Exercise objective => The line with "过年年货送礼大礼包 礼盒装1.78kg全球臻选礼盒 XS-7/个" and each line following it, up to the final line of the data, should be set down exactly; pictures stay out.

Records for the exercise =>
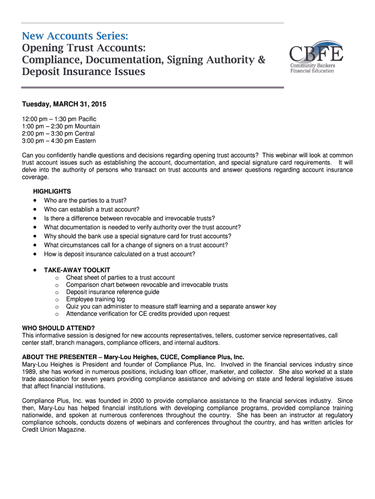 Get the free New Accounts Series:
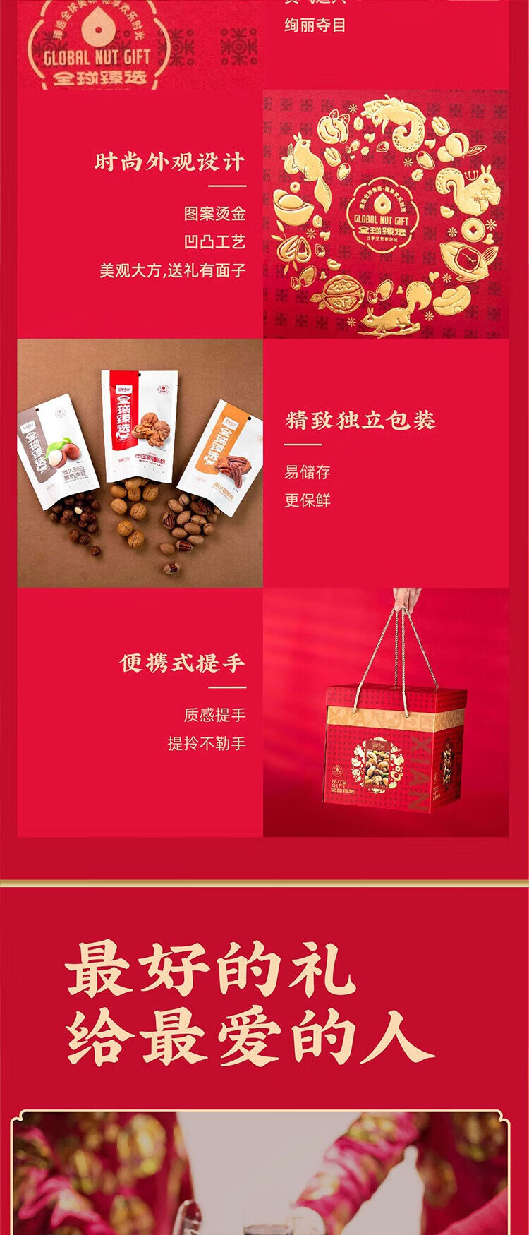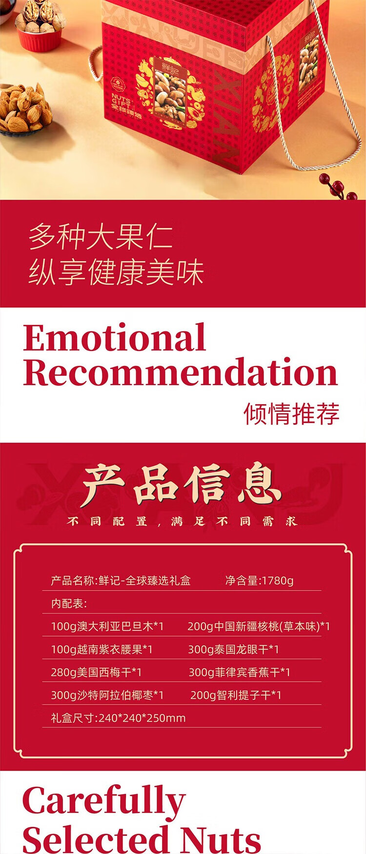 • 商品名称:鲜记 全球臻选礼盒1.78kg休闲坚果零食精选好果货大礼包团购春节 鲜记 全球臻选礼盒1.78kg 休闲坚果零食 过年年货送礼大礼包 礼盒装1.78kg全球臻选礼盒 XS-7/个
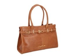 Bolsa Luiza Barcelos Feminina Caramelo Couro Fivela Dourada - Média
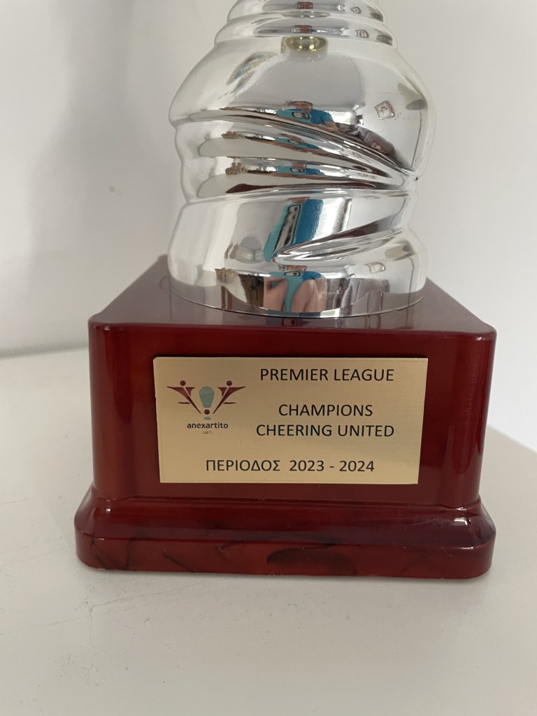 Today, CHEERing’s youth football team, CHEERing Utd., won the Premier League trophy for finishing first in the Anexartito League, Greece’s top non professional soccer league.
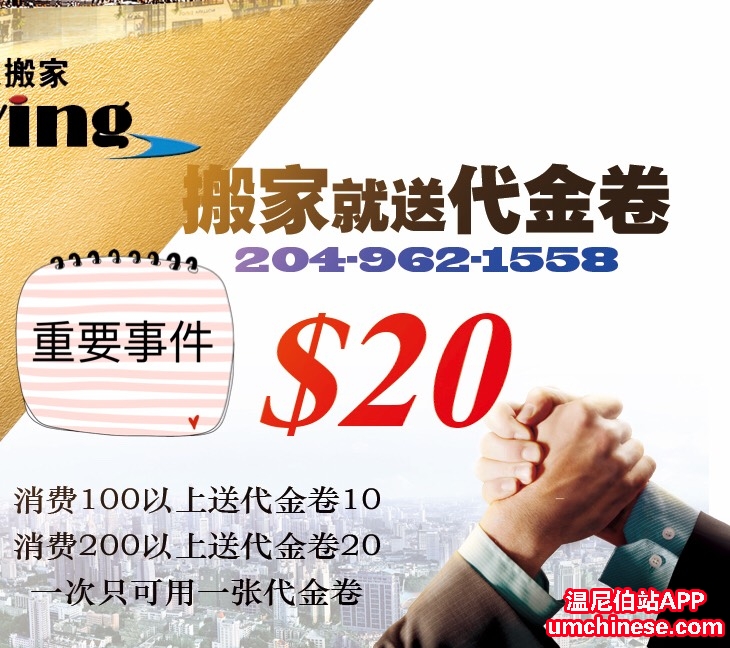 友人搬家13周年庆活动,推出---$代金劵$ 任何用车服务送$5 代金劵 消费100以上送代金劵$10 消费200以上送代金劵$20 本公司承诺,代金劵永久有效,并可以转赠。 204-9621558 或添加微信Ricky_awesomeboy,下边二维码添加 |

Output of the exercise =>
 • 商品名称:鲜记 全球臻选礼盒1.78kg休闲坚果零食精选好果货大礼包团购春节 鲜记 全球臻选礼盒1.78kg 休闲坚果零食 过年年货送礼大礼包 礼盒装1.78kg全球臻选礼盒 XS-7/个
 Bolsa Luiza Barcelos Feminina Caramelo Couro Fivela Dourada - Média
 Today, CHEERing’s youth football team, CHEERing Utd., won the Premier League trophy for finishing first in the Anexartito League, Greece’s top non professional soccer league.
 友人搬家13周年庆活动,推出---$代金劵$ 任何用车服务送$5 代金劵 消费100以上送代金劵$10 消费200以上送代金劵$20 本公司承诺,代金劵永久有效,并可以转赠。 204-9621558 或添加微信Ricky_awesomeboy,下边二维码添加 |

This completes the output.